Léonard de Vinci, un génie au profil atypique

Léonard de Vinci était-il autiste ?

Léonard de VinciArtiste, inventeur, scientifique, visionnaire… Le nom de Léonard de Vinci évoque à lui seul le génie universel. Mais derrière ce foisonnement d’idées et cette créativité hors norme, de plus en plus d’experts et de chercheurs évoquent une hypothèse intrigante : et s’il avait été autiste ?

Bien que Léonard de Vinci n’ait jamais été diagnostiqué – l’autisme n’était évidemment pas connu à la Renaissance – certains de ses comportements, décrits dans les écrits de ses contemporains et dans ses propres carnets, peuvent faire penser à un profil autistique, probablement de type Asperger (aujourd’hui intégré dans le spectre de l’autisme sans déficience intellectuelle).

1. Une pensée en arborescence et une attention aux détails extrême

Les carnets de Léonard regorgent de croquis, d’observations anatomiques, de schémas mécaniques, de réflexions sur la lumière, la botanique, l’hydraulique, etc. Cette capacité à sauter d’un domaine à un autre avec une incroyable précision illustre ce que l’on appelle aujourd’hui une pensée en arborescence, fréquente chez les personnes autistes.




Son souci obsessionnel du détail – visible par exemple dans La Cène, L’Homme de Vitruve ou La Joconde – et sa capacité à mémoriser visuellement des structures complexes sont également des signes évocateurs. Il travaillait souvent seul, dans le silence, et avait des rituels très marqués.
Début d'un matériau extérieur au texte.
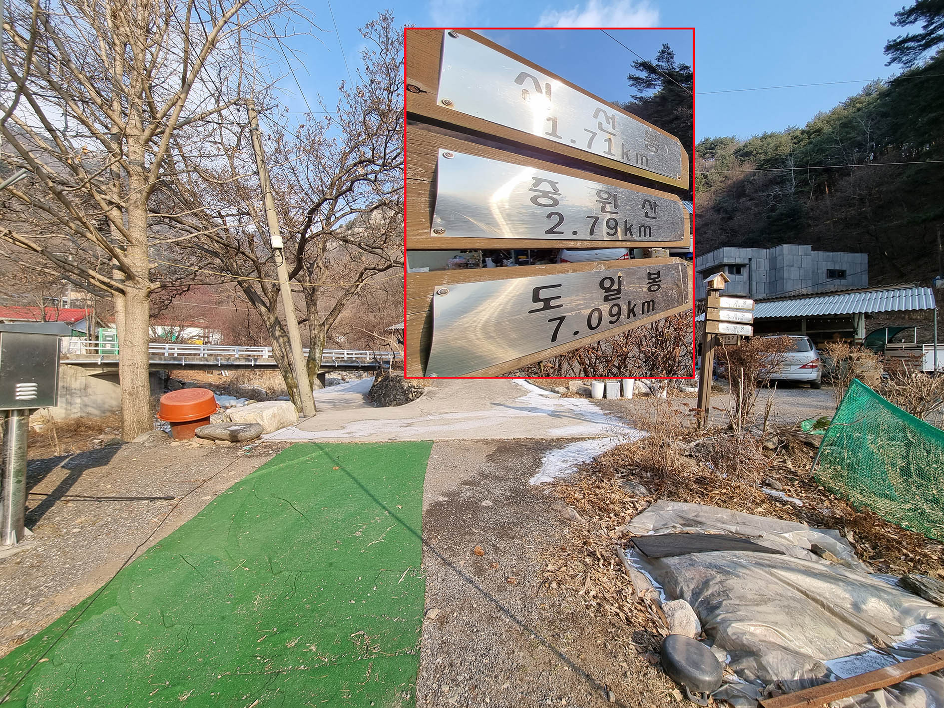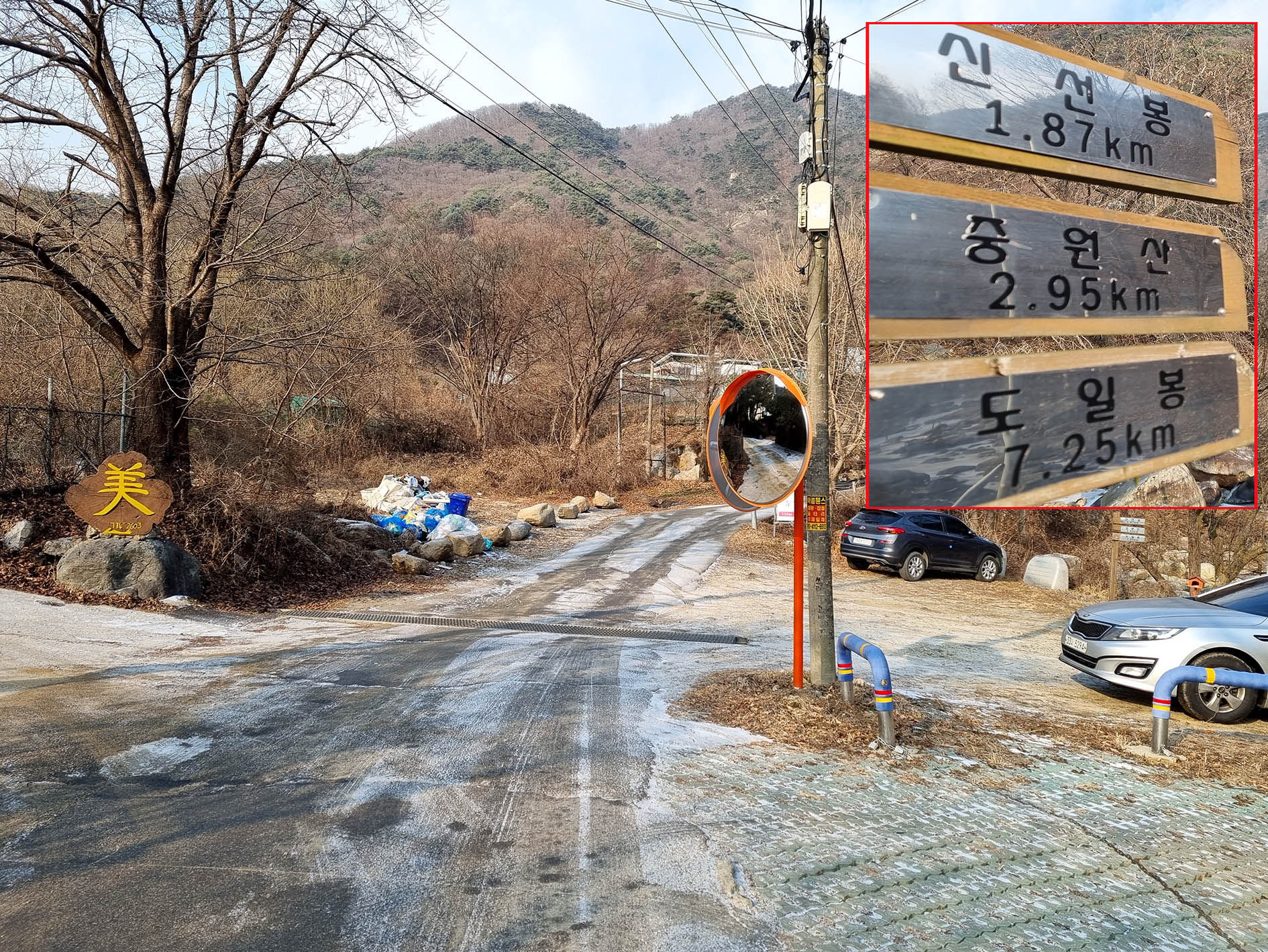 산행 들머리인 도성사 입구에는 소형차량 서너 대의 주차시설이 있다.

2. Une difficulté à terminer ce qu’il commençait

Un autre trait souvent évoqué chez Léonard est sa difficulté à finaliser ses projets. Il laissait beaucoup de ses œuvres inachevées, perdant rapidement l’intérêt une fois le défi intellectuel résolu. Cette instabilité, loin de remettre en cause son génie, pourrait correspondre à ce qu’on observe chez certains autistes hyper créatifs, dont l’attention est sélective, intense mais parfois difficile à maintenir sur la durée.

3. Une hypersensibilité sensorielle et émotionnelle

Léonard de Vinci était réputé pour être végétarien, un fait rare à son époque, motivé par une profonde empathie envers les animaux. Il écrivait : « J’ai très tôt renoncé à manger de la chair, et je crois que le temps viendra où les hommes considéreront le meurtre des animaux comme ils considèrent aujourd’hui celui des hommes. »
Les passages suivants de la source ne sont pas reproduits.